The rule weakens standards for DDT, benzo[k]fluoranthene (a suspected human carcinogen found in coal tar and coal and oil combustion emissions), chrysene (a suspected human carcinogen and kind of hydrocarbon found in coal tar), gamma-Hexachlorocyclohexane (an insecticide whose technical-grade production was banned in 1976) and methyl bromide (a highly toxic fumigant and pesticide).
The West Virginia Rivers Coalition and other water quality advocates have objected to weakening any water quality standards, arguing that there is no need to weaken water quality standards given current industry compliance and high state cancer rates.
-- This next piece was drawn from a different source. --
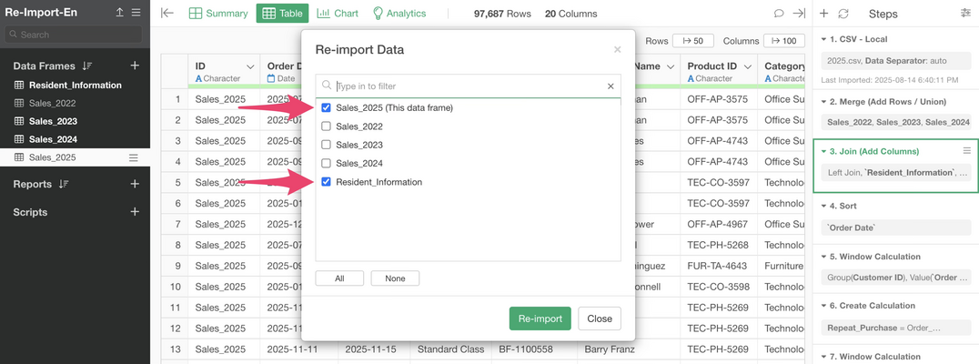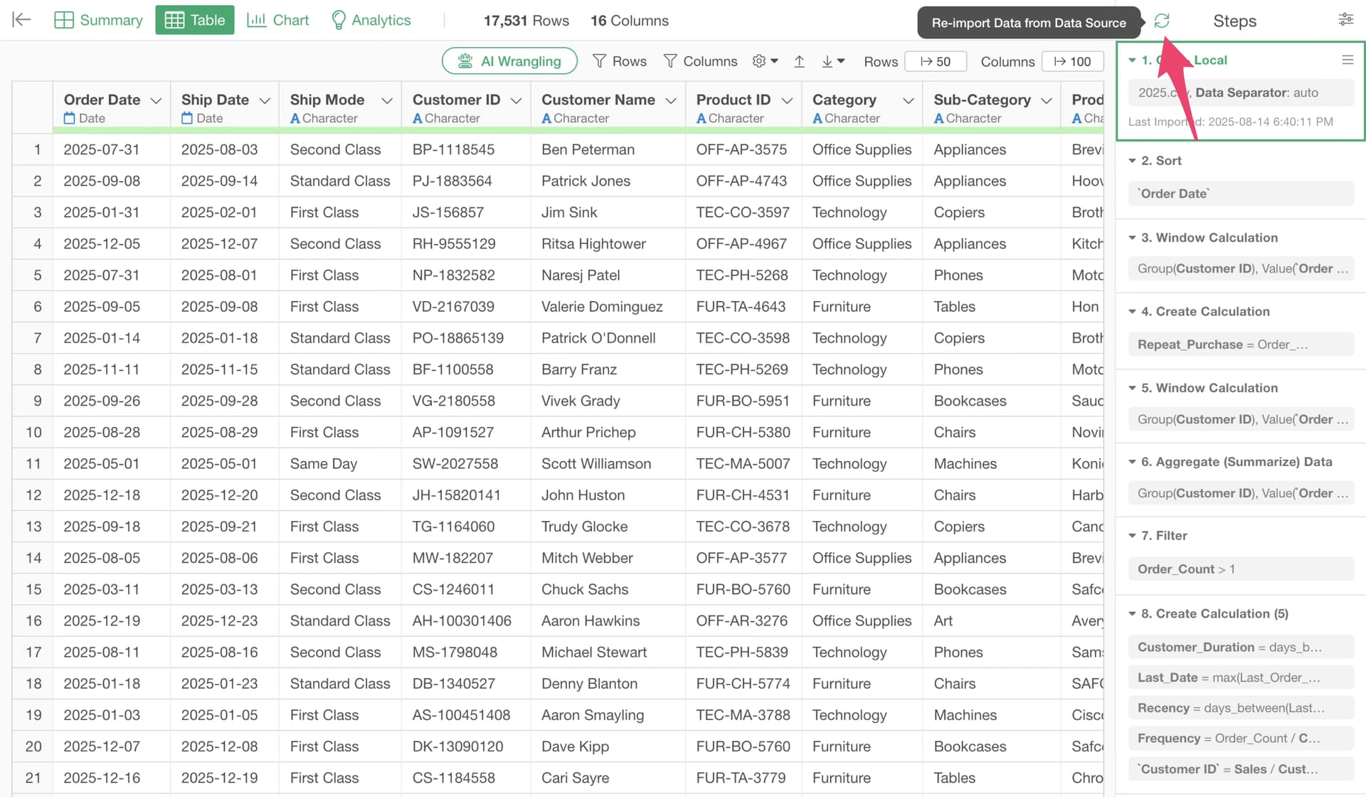 Specifically, click the “Re-import Data” button located at the top of the steps in the data frame you wish to update.

The Rivers Coalition has also argued that the rule change would reduce public transparency and participation by eliminating legislative review of site-specific permits.
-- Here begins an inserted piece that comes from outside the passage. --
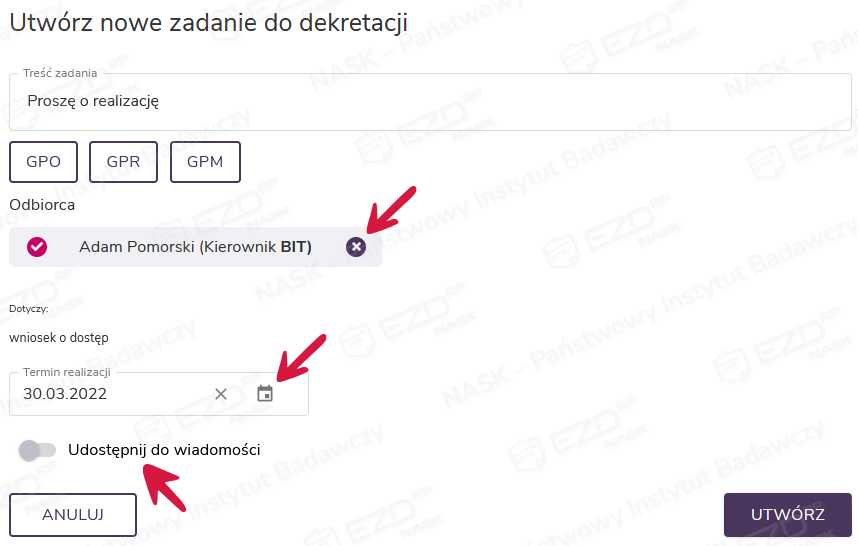 W oknie dostępne są jeszcze dwa elementy: Dotyczy i Udostępnij do wiadomości. W polu Dotyczy system automatycznie wstawia nazwę pisma, które chcemy zadekretować.

The West Virginia Manufacturers Association has said the current human health criteria are flawed, requiring site-specific corrections.
Mandirola has called the rule a compromise between industry and environmentalists on a work group formed to consider human health criteria updates.
The Senate approved the rules bundle containing the measure in a 26-8 vote on Jan. 31.
If a company thinks the data used to develop bioaccumulation factors in EPA criteria doesn’t apply to a specific waterway, they can present a study to the DEP making a case for a revised permit limit.
The proposed rule specifies that bioaccumulation factors may be evaluated on a case-by-case basis as part of the water pollution control permitting process or by petition to the DEP.
Bioaccumulation is the increase of pollutant concentrations in aquatic organisms and was a factor incorporated by the EPA into its 2015 updates of nationally recommended criteria.
The EPA provides recommendations for human health criteria for states to consider when adopting criteria into their water quality standards.
An updated fish consumption rate, body weight and drinking water intake are other factors the EPA considered in its 2015 updates.
The EPA allows states to modify its criteria to reflect site-specific conditions or adopt different criteria based on other scientifically defensible methods, subject to agency review.
Mandirola has said the proposed rule change was designed to cut down on the length of time it takes for changes to site-specific permits.
“We are not giving up complete control of water quality,” said Delegate Clay Riley, R-Harrison, noting in part that the Legislature is not giving up oversight of statewide water quality criteria.
The DEP noted in its response to comments made by the Rivers Coalition on the proposed rule last year that case-by-case evaluations made by applicants pursuant to the rule change could apply statewide, not just to specific sites.
But the rule was amended to note that the rule change eliminating legislator review of human health criteria permit limits applies only to site-specific permits.
Delegate Ed Evans, D-McDowell, said that deficient water infrastructure in his district consisting of straight pipes and mine-polluted aquifers makes his constituents especially vulnerable to any weakened water quality standards.
“The water down our way is bad, to be kind,” Evans said. “Don’t add anything else to it.”